**Stored items from a collection:**

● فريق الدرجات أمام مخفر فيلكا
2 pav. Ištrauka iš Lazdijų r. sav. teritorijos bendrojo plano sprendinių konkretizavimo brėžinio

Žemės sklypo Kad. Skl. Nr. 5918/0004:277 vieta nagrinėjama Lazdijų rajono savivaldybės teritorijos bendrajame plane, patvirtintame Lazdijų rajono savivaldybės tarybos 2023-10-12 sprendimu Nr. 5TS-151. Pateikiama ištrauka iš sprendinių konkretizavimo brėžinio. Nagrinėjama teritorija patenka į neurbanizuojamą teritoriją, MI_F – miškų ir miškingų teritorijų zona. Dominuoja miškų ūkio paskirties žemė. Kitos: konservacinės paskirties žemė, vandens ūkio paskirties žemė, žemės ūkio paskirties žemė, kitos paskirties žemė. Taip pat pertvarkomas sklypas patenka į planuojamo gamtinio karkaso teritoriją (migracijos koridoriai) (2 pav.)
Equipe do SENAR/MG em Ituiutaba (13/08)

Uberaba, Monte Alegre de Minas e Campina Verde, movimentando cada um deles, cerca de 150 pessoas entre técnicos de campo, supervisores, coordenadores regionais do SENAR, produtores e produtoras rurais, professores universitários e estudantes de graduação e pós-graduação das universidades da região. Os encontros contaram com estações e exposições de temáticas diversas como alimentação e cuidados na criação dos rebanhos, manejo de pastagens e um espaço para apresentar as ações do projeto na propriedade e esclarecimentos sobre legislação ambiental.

---

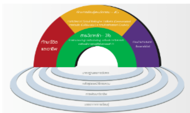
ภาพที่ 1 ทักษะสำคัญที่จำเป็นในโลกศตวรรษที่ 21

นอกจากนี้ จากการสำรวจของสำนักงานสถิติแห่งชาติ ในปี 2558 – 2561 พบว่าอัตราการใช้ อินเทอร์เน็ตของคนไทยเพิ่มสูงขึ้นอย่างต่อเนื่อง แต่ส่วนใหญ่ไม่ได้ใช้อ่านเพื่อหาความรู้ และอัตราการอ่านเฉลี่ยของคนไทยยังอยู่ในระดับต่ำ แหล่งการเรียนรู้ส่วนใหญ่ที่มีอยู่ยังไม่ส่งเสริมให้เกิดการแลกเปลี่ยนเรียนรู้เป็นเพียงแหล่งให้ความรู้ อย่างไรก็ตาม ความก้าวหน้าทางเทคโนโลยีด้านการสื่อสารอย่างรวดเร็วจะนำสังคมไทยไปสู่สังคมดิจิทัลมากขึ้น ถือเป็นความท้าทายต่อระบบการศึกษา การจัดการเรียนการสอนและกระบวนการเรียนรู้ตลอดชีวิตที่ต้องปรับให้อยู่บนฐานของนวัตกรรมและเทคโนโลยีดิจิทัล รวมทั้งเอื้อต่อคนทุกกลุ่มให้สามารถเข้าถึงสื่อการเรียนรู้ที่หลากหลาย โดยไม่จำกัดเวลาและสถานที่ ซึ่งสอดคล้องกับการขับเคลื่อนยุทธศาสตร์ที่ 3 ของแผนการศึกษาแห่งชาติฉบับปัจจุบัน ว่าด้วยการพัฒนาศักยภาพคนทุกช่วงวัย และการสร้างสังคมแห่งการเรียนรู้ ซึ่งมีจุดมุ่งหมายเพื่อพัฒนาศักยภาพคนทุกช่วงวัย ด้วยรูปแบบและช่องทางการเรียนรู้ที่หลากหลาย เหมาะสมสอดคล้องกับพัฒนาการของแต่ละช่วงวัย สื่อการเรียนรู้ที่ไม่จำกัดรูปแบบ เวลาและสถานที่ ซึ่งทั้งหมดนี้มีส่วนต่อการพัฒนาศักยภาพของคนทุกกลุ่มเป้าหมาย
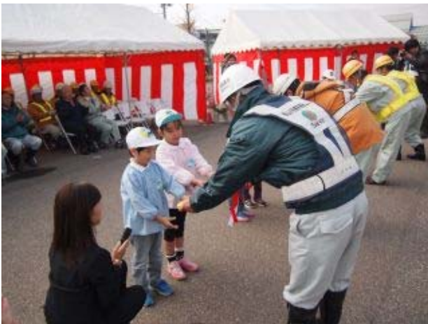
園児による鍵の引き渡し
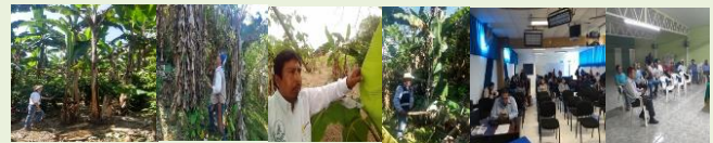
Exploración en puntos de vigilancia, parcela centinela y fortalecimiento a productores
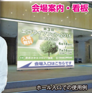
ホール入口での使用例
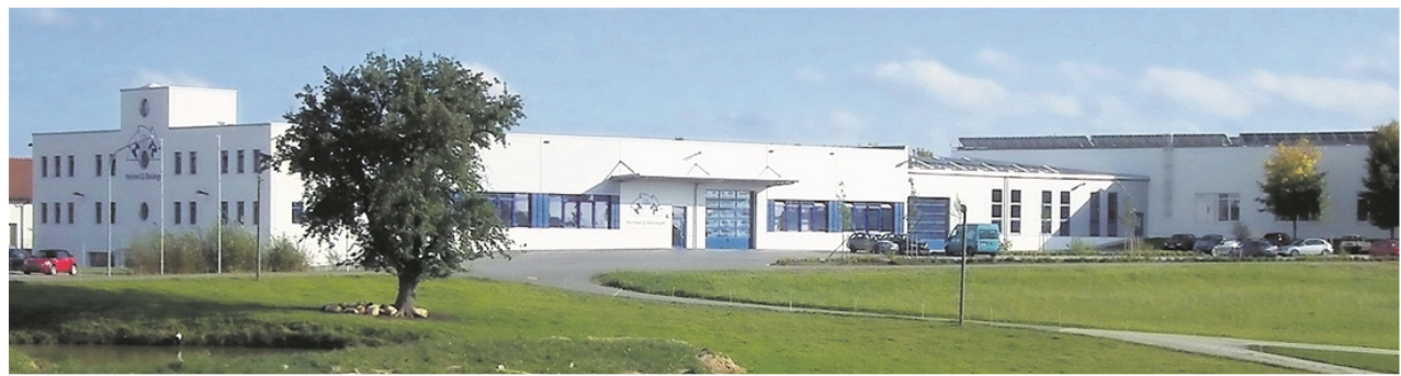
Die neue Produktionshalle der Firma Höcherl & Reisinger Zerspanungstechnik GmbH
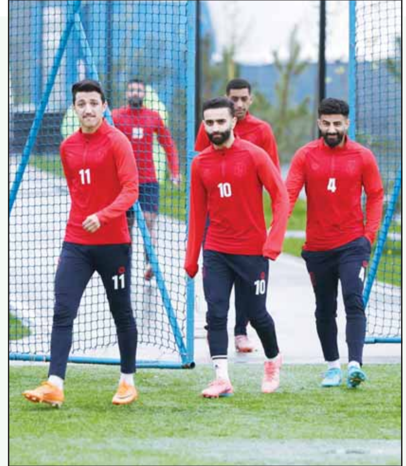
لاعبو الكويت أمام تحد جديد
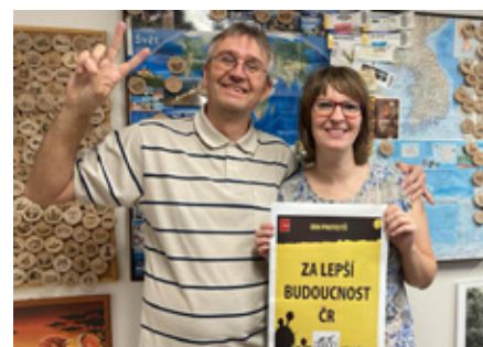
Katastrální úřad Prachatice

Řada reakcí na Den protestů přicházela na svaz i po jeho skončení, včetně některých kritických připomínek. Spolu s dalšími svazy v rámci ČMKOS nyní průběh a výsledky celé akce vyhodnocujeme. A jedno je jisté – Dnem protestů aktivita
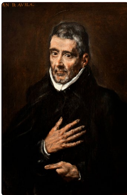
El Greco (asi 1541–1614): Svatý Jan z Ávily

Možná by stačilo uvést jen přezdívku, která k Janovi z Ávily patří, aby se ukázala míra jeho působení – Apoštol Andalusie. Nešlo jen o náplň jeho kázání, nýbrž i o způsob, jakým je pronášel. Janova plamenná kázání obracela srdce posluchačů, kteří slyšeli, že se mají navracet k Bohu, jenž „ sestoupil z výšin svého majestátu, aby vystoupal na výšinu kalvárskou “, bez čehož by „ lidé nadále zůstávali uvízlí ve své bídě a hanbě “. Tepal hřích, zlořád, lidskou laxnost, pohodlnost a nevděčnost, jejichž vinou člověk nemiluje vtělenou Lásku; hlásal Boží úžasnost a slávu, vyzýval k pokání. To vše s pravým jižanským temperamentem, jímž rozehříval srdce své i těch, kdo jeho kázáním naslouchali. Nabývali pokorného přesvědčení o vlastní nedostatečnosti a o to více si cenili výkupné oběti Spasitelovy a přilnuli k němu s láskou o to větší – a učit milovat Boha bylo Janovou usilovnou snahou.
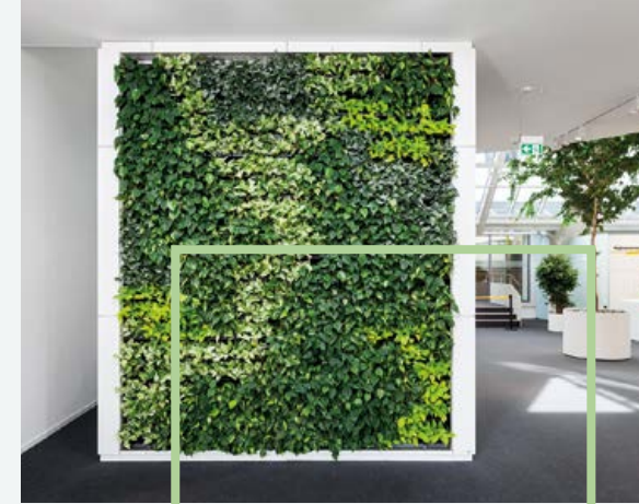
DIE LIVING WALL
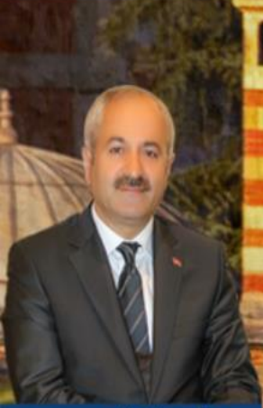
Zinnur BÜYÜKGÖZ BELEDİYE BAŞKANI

**EXERCISE PROMPT:** Above are the records; copy from them only the lines starting at the one containing "Možná by stačilo" and ending at the one containing "Zinnur BÜYÜKGÖZ BELEDİYE BAŞKANI", exactly and without pictures.

**ANSWER SPACE:**
Možná by stačilo uvést jen přezdívku, která k Janovi z Ávily patří, aby se ukázala míra jeho působení – Apoštol Andalusie. Nešlo jen o náplň jeho kázání, nýbrž i o způsob, jakým je pronášel. Janova plamenná kázání obracela srdce posluchačů, kteří slyšeli, že se mají navracet k Bohu, jenž „ sestoupil z výšin svého majestátu, aby vystoupal na výšinu kalvárskou “, bez čehož by „ lidé nadále zůstávali uvízlí ve své bídě a hanbě “. Tepal hřích, zlořád, lidskou laxnost, pohodlnost a nevděčnost, jejichž vinou člověk nemiluje vtělenou Lásku; hlásal Boží úžasnost a slávu, vyzýval k pokání. To vše s pravým jižanským temperamentem, jímž rozehříval srdce své i těch, kdo jeho kázáním naslouchali. Nabývali pokorného přesvědčení o vlastní nedostatečnosti a o to více si cenili výkupné oběti Spasitelovy a přilnuli k němu s láskou o to větší – a učit milovat Boha bylo Janovou usilovnou snahou.
DIE LIVING WALL
Zinnur BÜYÜKGÖZ BELEDİYE BAŞKANI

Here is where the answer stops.